--- Extracted material Enclosed Below ---
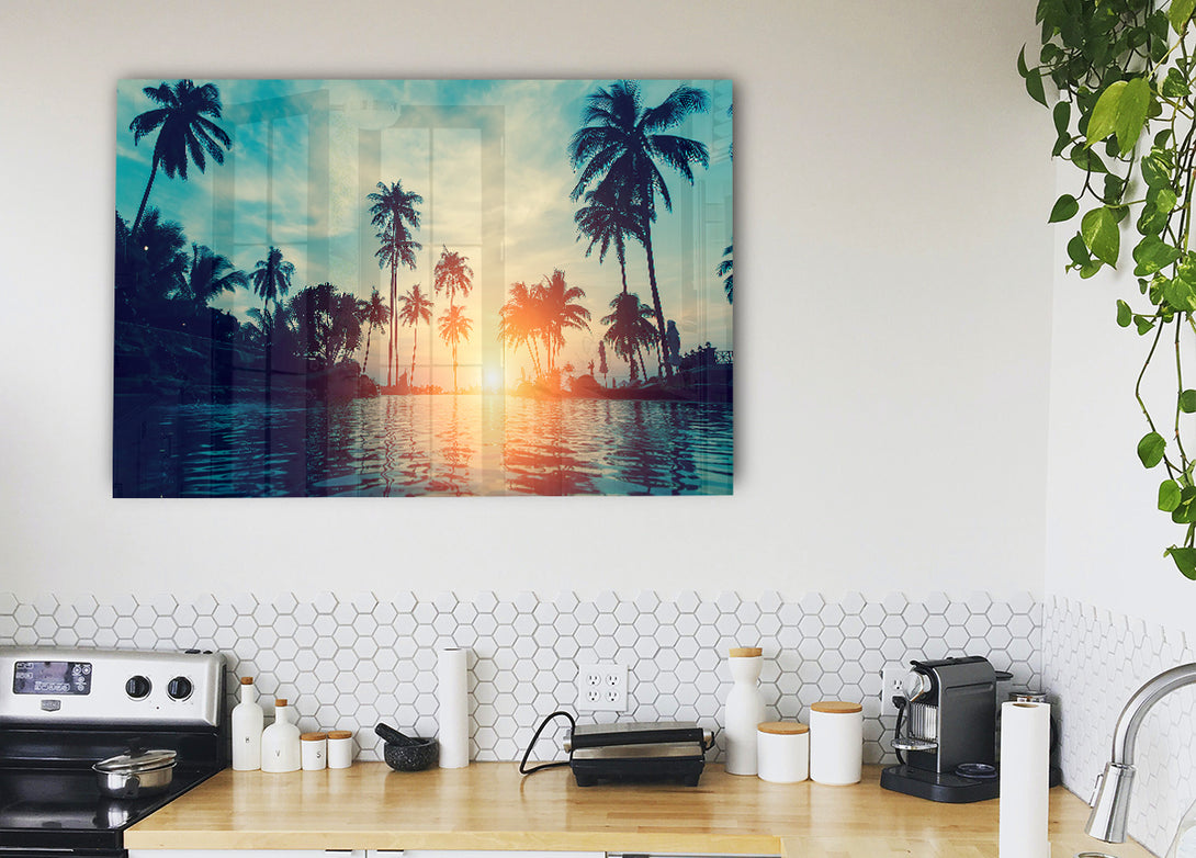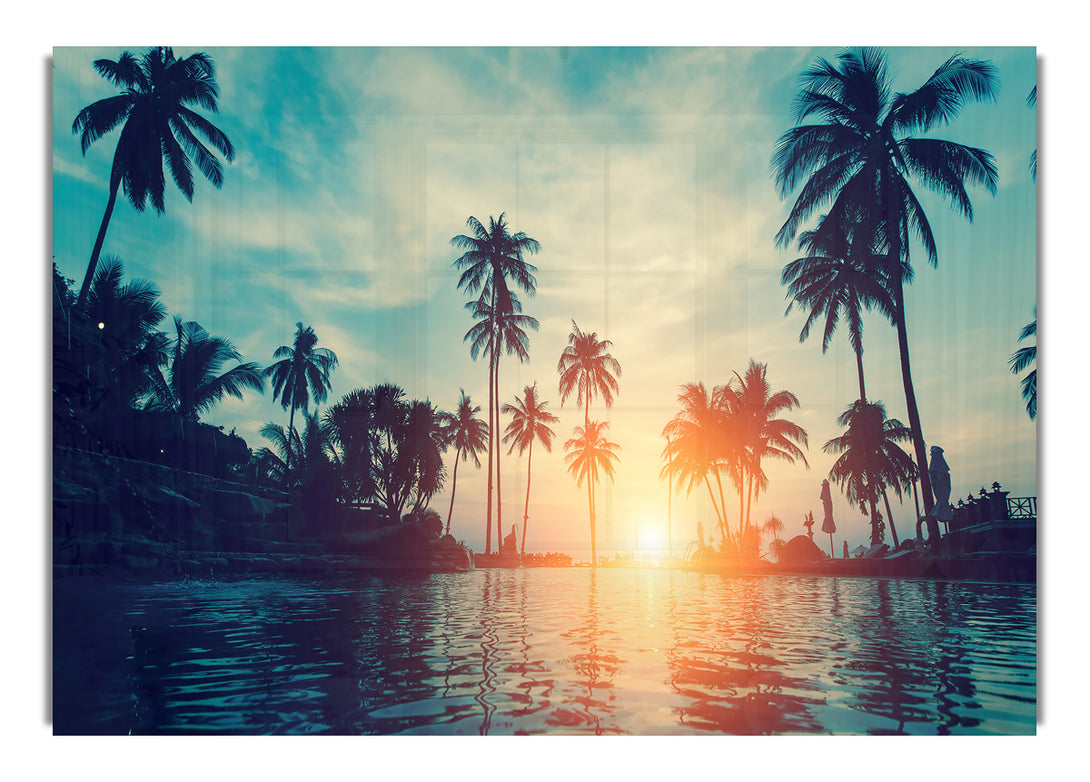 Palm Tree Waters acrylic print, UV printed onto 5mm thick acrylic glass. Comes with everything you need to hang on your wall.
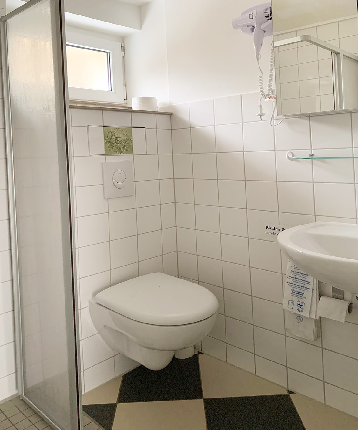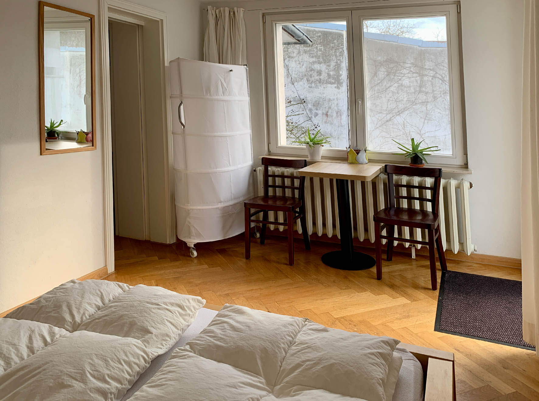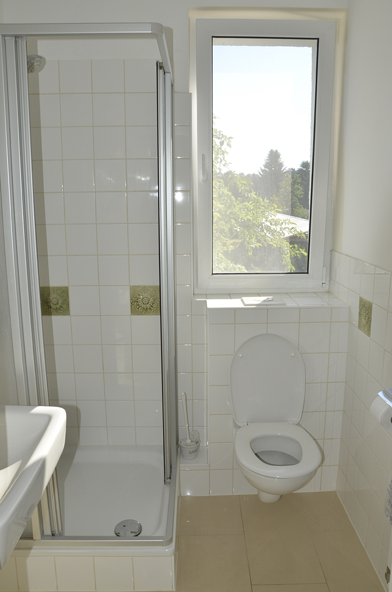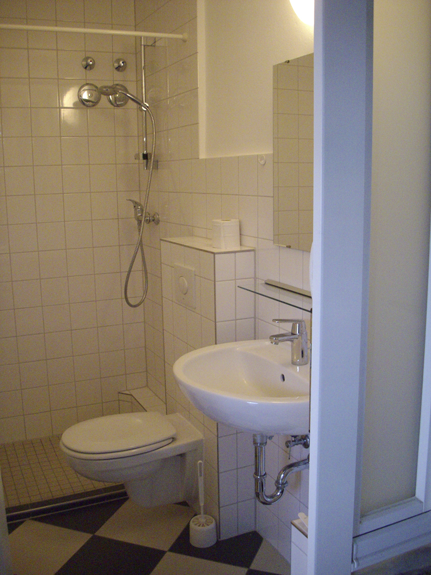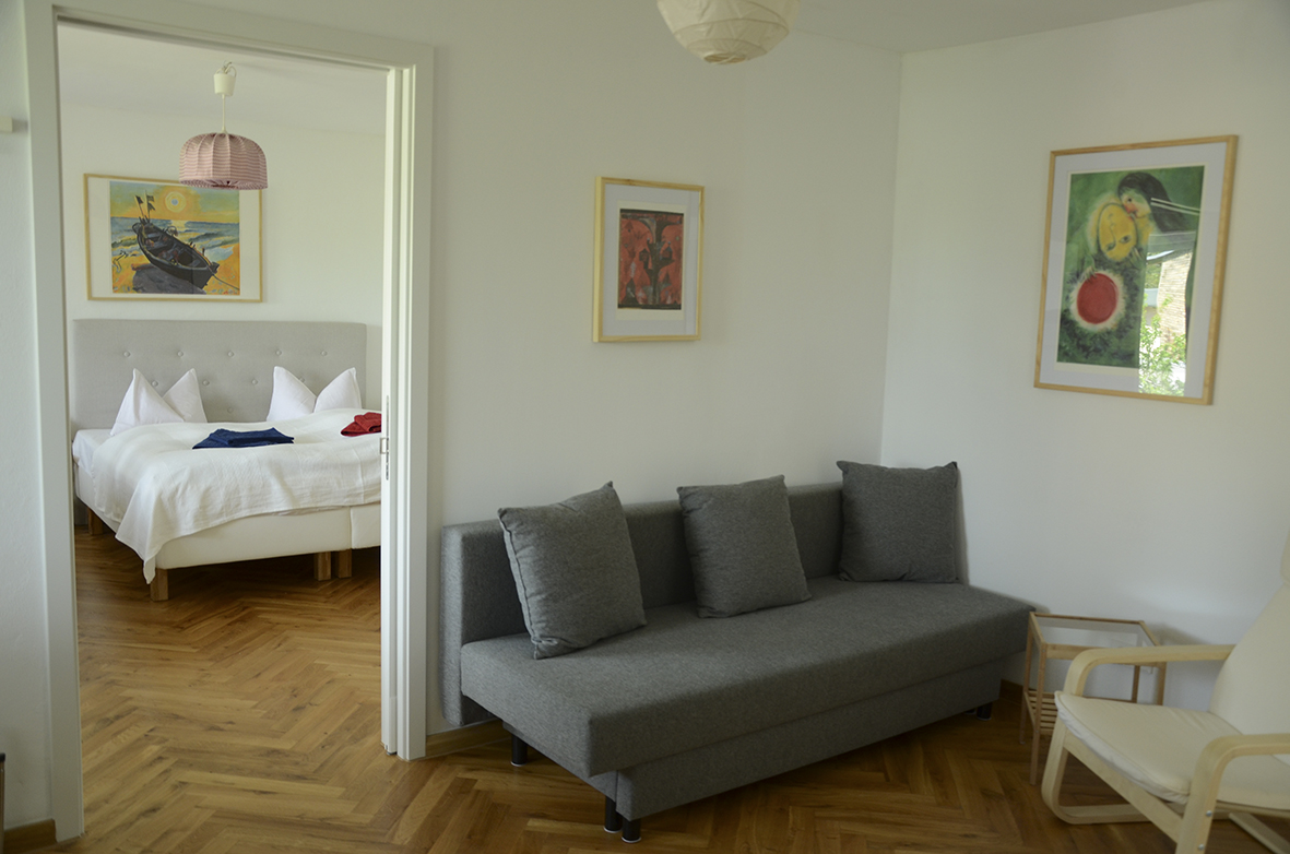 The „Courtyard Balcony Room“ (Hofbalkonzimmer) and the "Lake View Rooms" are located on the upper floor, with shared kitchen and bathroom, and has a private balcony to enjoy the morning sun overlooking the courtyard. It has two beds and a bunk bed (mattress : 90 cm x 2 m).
--- End of Enclosed Extracted material ---
--- Extracted material Enclosed Below ---
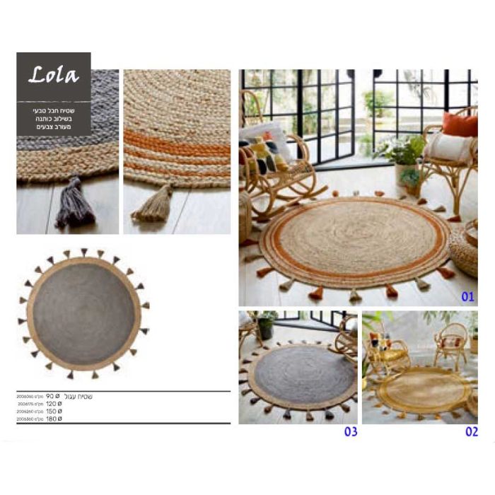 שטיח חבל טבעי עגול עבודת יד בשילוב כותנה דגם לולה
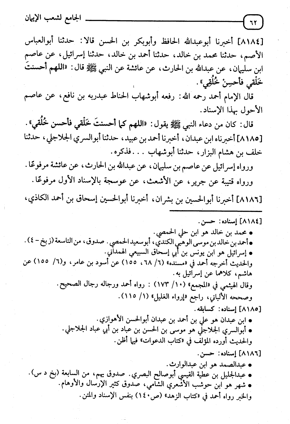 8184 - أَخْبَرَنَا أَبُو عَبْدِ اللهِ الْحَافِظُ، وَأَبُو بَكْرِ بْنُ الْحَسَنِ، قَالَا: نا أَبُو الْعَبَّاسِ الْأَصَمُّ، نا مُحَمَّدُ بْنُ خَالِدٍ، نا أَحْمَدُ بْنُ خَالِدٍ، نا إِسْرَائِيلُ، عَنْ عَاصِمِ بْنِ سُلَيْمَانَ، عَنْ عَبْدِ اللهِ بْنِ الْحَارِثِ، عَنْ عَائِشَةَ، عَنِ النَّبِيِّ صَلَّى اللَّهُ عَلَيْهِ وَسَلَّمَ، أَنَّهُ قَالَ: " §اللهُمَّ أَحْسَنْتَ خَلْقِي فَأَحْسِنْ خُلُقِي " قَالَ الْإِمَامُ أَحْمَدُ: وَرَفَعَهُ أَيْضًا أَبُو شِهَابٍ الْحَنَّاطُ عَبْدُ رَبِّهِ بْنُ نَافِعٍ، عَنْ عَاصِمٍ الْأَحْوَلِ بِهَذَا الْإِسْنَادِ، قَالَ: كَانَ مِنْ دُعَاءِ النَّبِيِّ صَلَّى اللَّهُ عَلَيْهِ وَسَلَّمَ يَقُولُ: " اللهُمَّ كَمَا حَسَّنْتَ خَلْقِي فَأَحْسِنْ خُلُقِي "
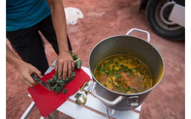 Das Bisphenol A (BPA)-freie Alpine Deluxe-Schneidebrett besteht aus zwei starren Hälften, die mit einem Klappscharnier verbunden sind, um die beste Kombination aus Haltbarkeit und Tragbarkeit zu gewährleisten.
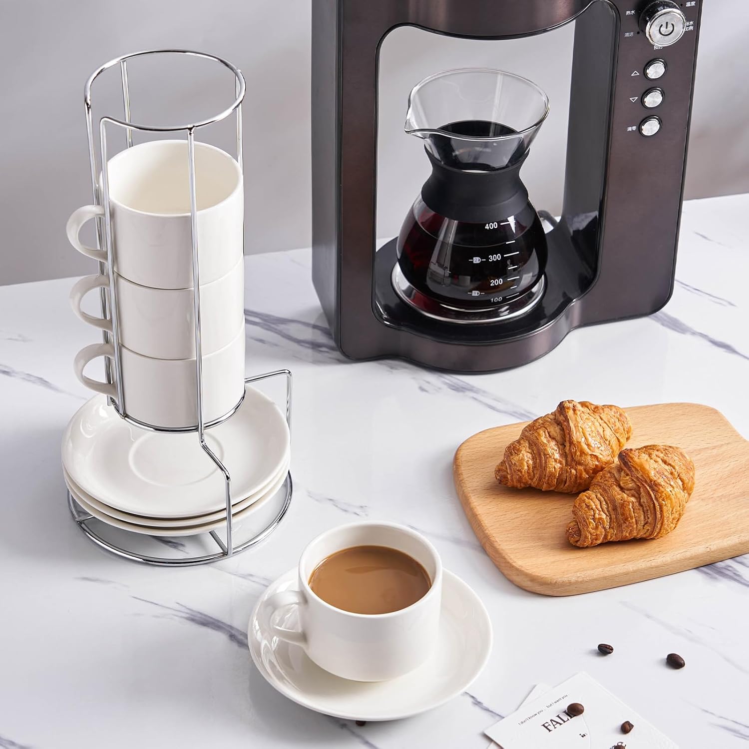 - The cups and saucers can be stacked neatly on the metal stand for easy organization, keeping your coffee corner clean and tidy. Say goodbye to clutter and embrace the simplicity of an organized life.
--- End of Enclosed Extracted material ---
Task prompt: Look back at the data above, then output exactly the lines from the line holding "Palm Tree Waters" up to and including the line holding "The „Courtyard Balcony". Leave out the pictures.

Answer:
 Palm Tree Waters acrylic print, UV printed onto 5mm thick acrylic glass. Comes with everything you need to hang on your wall.
 The „Courtyard Balcony Room“ (Hofbalkonzimmer) and the "Lake View Rooms" are located on the upper floor, with shared kitchen and bathroom, and has a private balcony to enjoy the morning sun overlooking the courtyard. It has two beds and a bunk bed (mattress : 90 cm x 2 m).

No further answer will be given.